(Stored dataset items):
┌────────

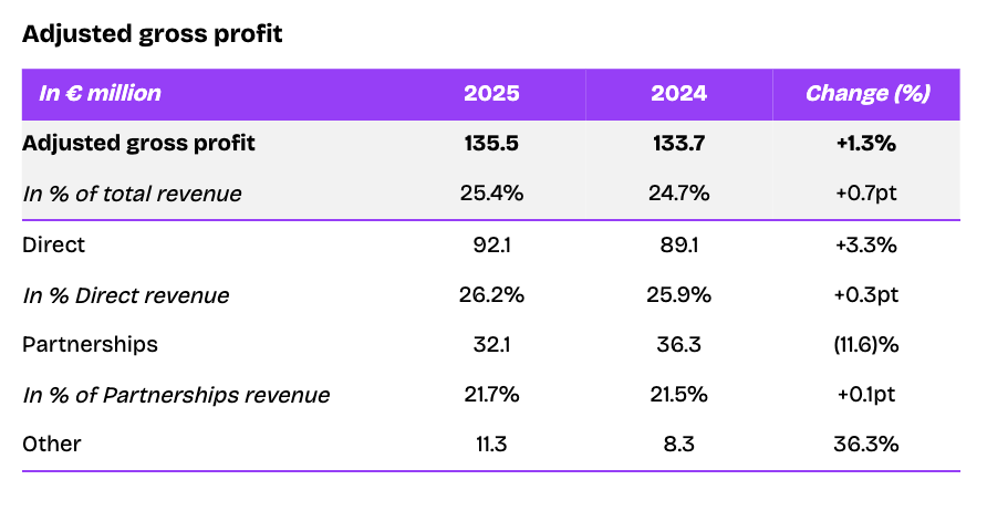 Adjusted Gross Profit amounted to €135.5 million in 2025 compared to €133.7 million in 2024, representing an increase of €1.8 million, or +1.3%, benefiting from a positive impact of white labelling solutions for hardware / media partners and the optimization of labels terms. Adjusted gross profit margin increased across all segments and came at 25.4% in 2025. Partnerships adjusted gross profit margin came at 21.7% (+0.1 pts) benefiting from better mix.
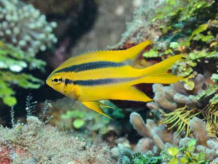 معرفی کرومیس دهان مشکی : این ماهی یک گونه بسیار فعال و زیبا، قبل از بلوغ است در این حالت با بدنی زرد و دو خط مشکی به راحتی قابل تشخیص است.
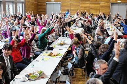 So verschlechtert sich etwa das Aufstehen von einem Stuhl im Alter um 11 Prozent pro Jahr. Die gute Nachricht: Die Muskelkraft ist bis in hohe Jahre trainierbar. Deshalb zeigt Oberst den Besucherinnen verschiedene Übungen, mit denen sie sich im Alltag fit halten können. Zum Beispiel, indem sie sich auf eine Stuhlkante setzen und zehn Mal aufstehen. Oder sich hinter den Stuhl stellen und Kniebeugen machen. Ebenfalls trainiert werden kann Standhaftigkeit in Krisen. Das ist das Thema, das Psychologin Katharina Maehrlein am Nachmittag aufgreift.
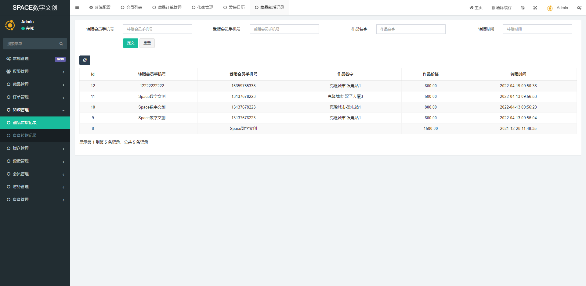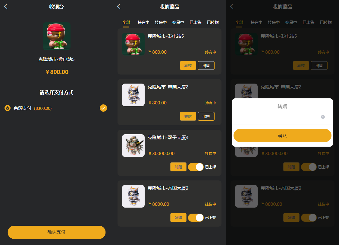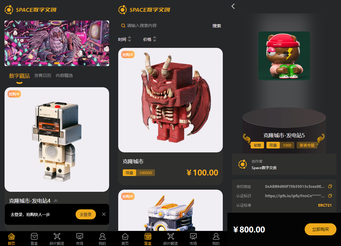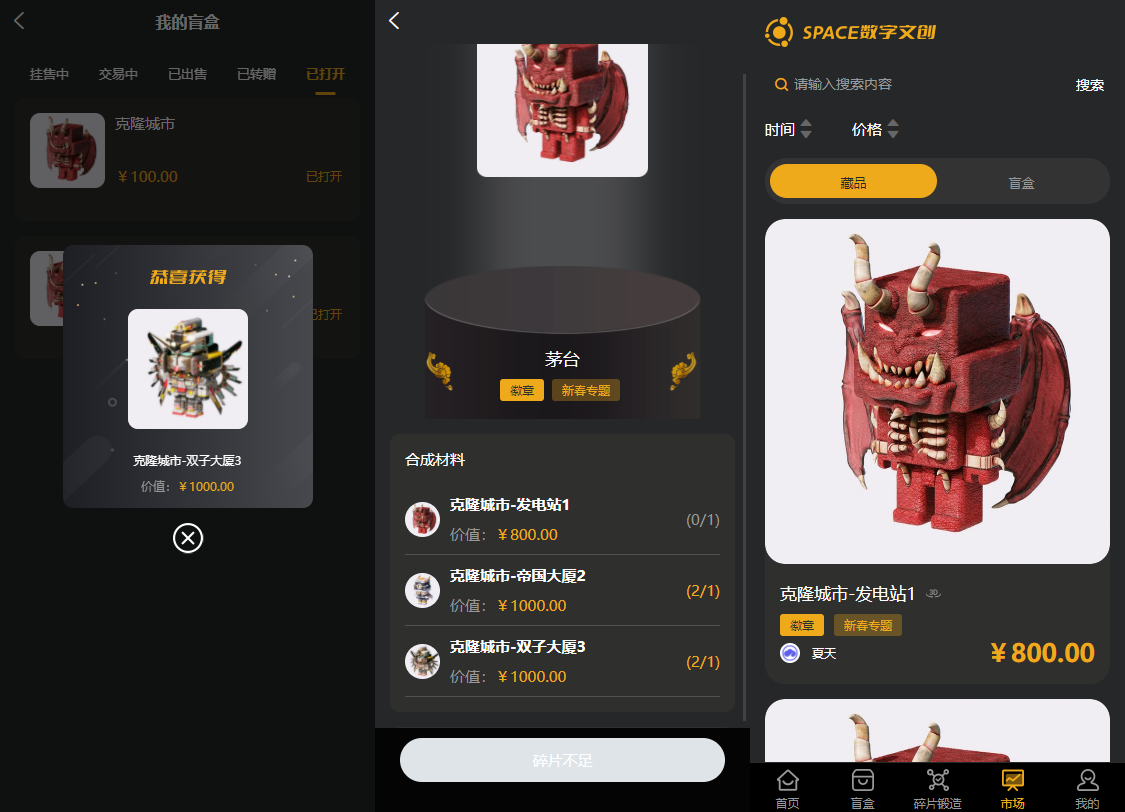 数字藏品、盲盒、碎片锻造、转增、盲盒转增、盲盒出售、有市场(出售盲盒,或者自己的数字藏品都会在这里显示)、邀请功能、团队下级等
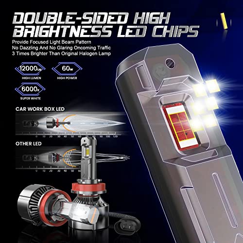 12000LM H11 CSP LED - Questo h11 ha condotto le lampadine del faro che utilizzano chip LED CSP a doppia faccia, il flusso luminoso raggiunge i 6000lm per lampadina (12000lm per coppia), che producono una luce bianca allo xeno 6000k, 3 volte più luminosa delle lampadine alogene standard
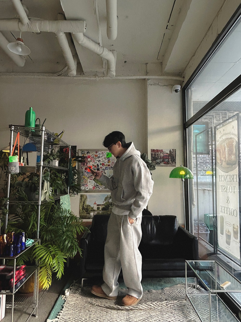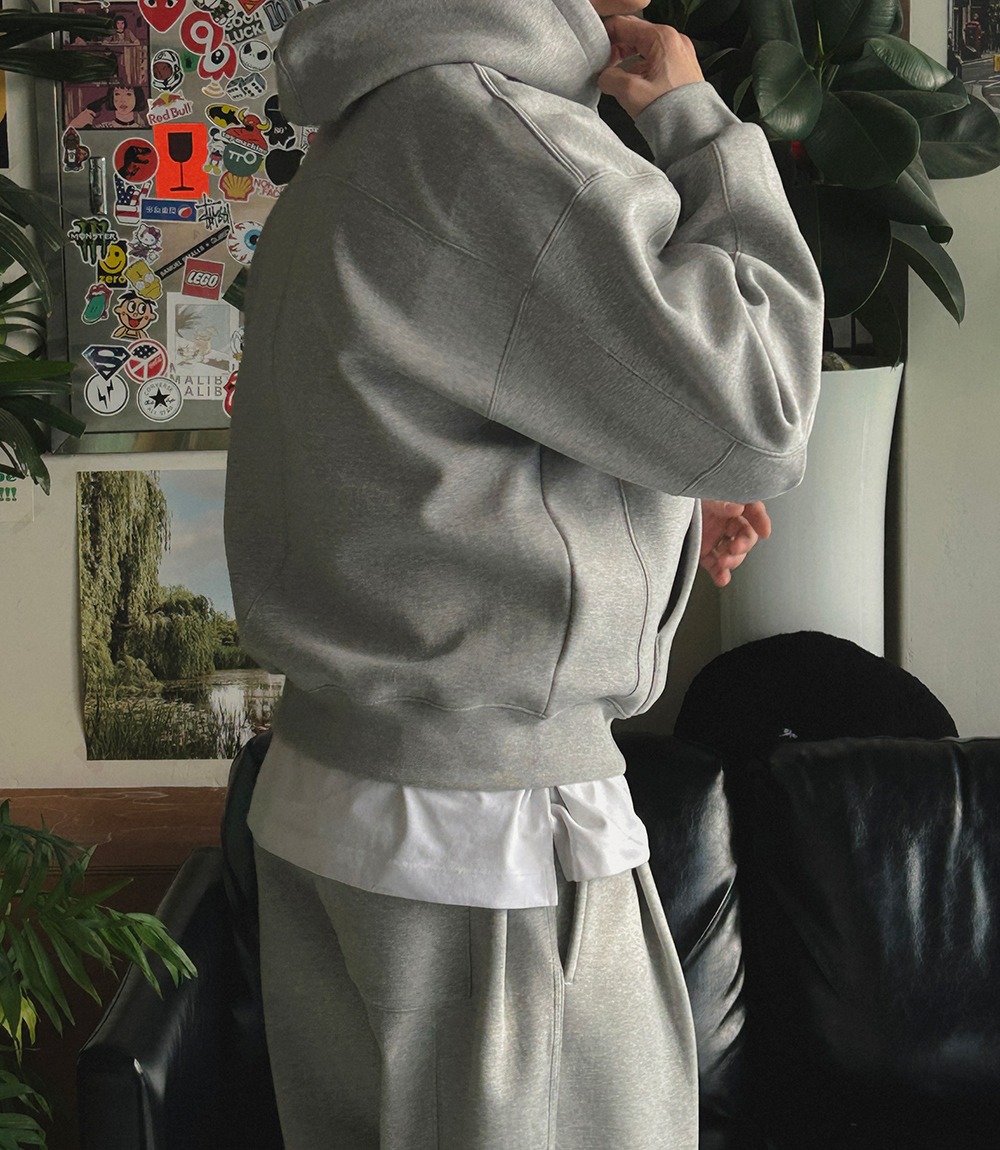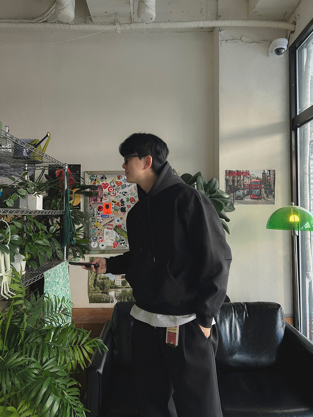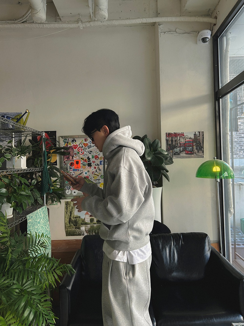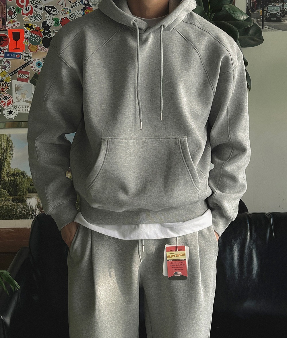 厚實美國棉肩線剪裁內抓絨連帽上衣 4色 0105

└────────

Write out the lines beginning at the line with "数字藏品、盲盒、碎片锻造、转" and ending at the last line of the entries. Include no pictures.

(Written answer):
 数字藏品、盲盒、碎片锻造、转增、盲盒转增、盲盒出售、有市场(出售盲盒,或者自己的数字藏品都会在这里显示)、邀请功能、团队下级等
 12000LM H11 CSP LED - Questo h11 ha condotto le lampadine del faro che utilizzano chip LED CSP a doppia faccia, il flusso luminoso raggiunge i 6000lm per lampadina (12000lm per coppia), che producono una luce bianca allo xeno 6000k, 3 volte più luminosa delle lampadine alogene standard
 厚實美國棉肩線剪裁內抓絨連帽上衣 4色 0105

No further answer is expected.